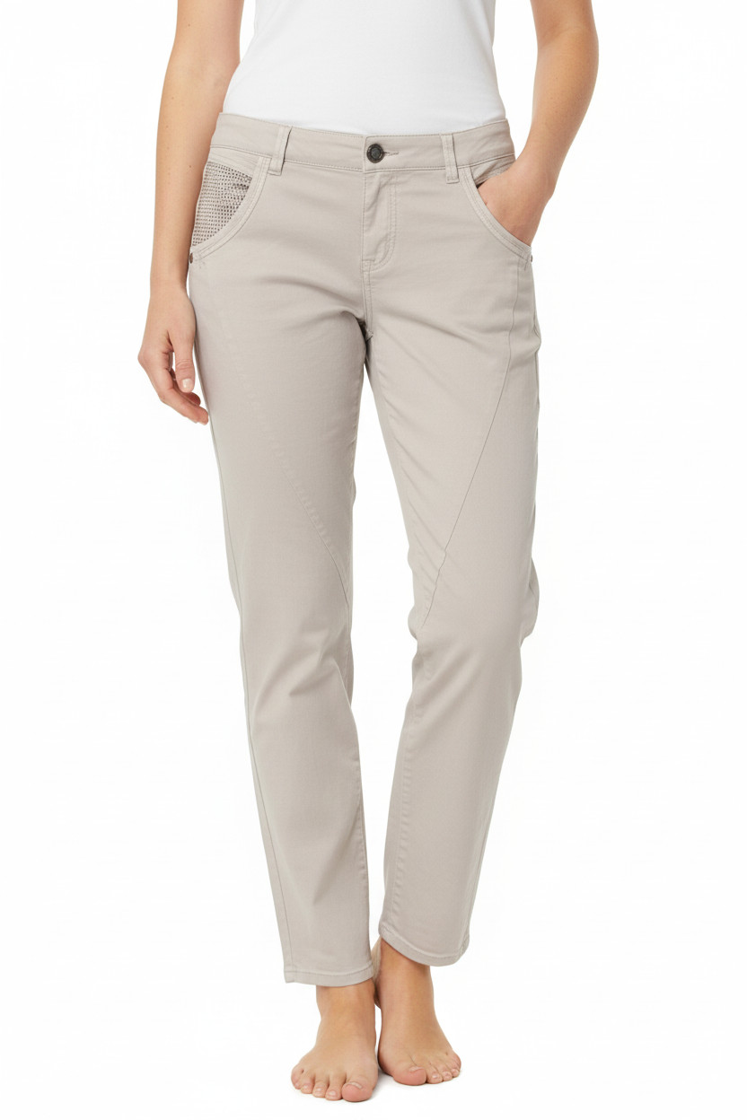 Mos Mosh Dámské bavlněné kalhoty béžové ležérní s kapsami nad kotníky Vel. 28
*****
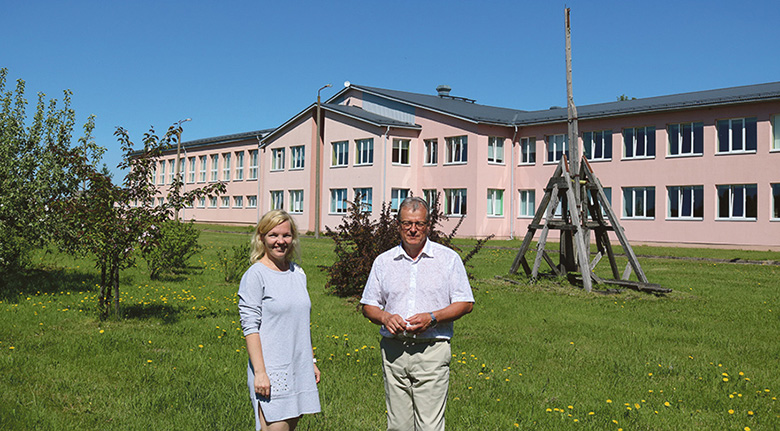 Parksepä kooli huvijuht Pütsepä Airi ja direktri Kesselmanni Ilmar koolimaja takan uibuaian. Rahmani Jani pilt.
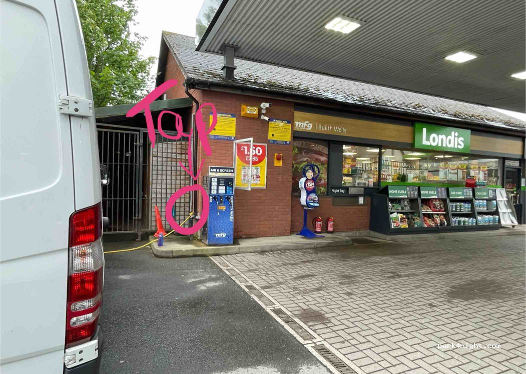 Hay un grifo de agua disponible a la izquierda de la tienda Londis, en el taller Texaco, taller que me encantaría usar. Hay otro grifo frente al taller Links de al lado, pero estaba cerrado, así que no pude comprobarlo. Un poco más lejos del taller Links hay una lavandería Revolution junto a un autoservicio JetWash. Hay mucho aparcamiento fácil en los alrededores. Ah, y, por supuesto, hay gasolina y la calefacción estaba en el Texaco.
*****
**Aim of the exercise:** With the pictures omitted, print the lines above exactly, beginning at the line with "Parksepä kooli huvijuht" and going on through the line with "Hay un grifo".

**Solution for this problem:**
 Parksepä kooli huvijuht Pütsepä Airi ja direktri Kesselmanni Ilmar koolimaja takan uibuaian. Rahmani Jani pilt.
 Hay un grifo de agua disponible a la izquierda de la tienda Londis, en el taller Texaco, taller que me encantaría usar. Hay otro grifo frente al taller Links de al lado, pero estaba cerrado, así que no pude comprobarlo. Un poco más lejos del taller Links hay una lavandería Revolution junto a un autoservicio JetWash. Hay mucho aparcamiento fácil en los alrededores. Ah, y, por supuesto, hay gasolina y la calefacción estaba en el Texaco.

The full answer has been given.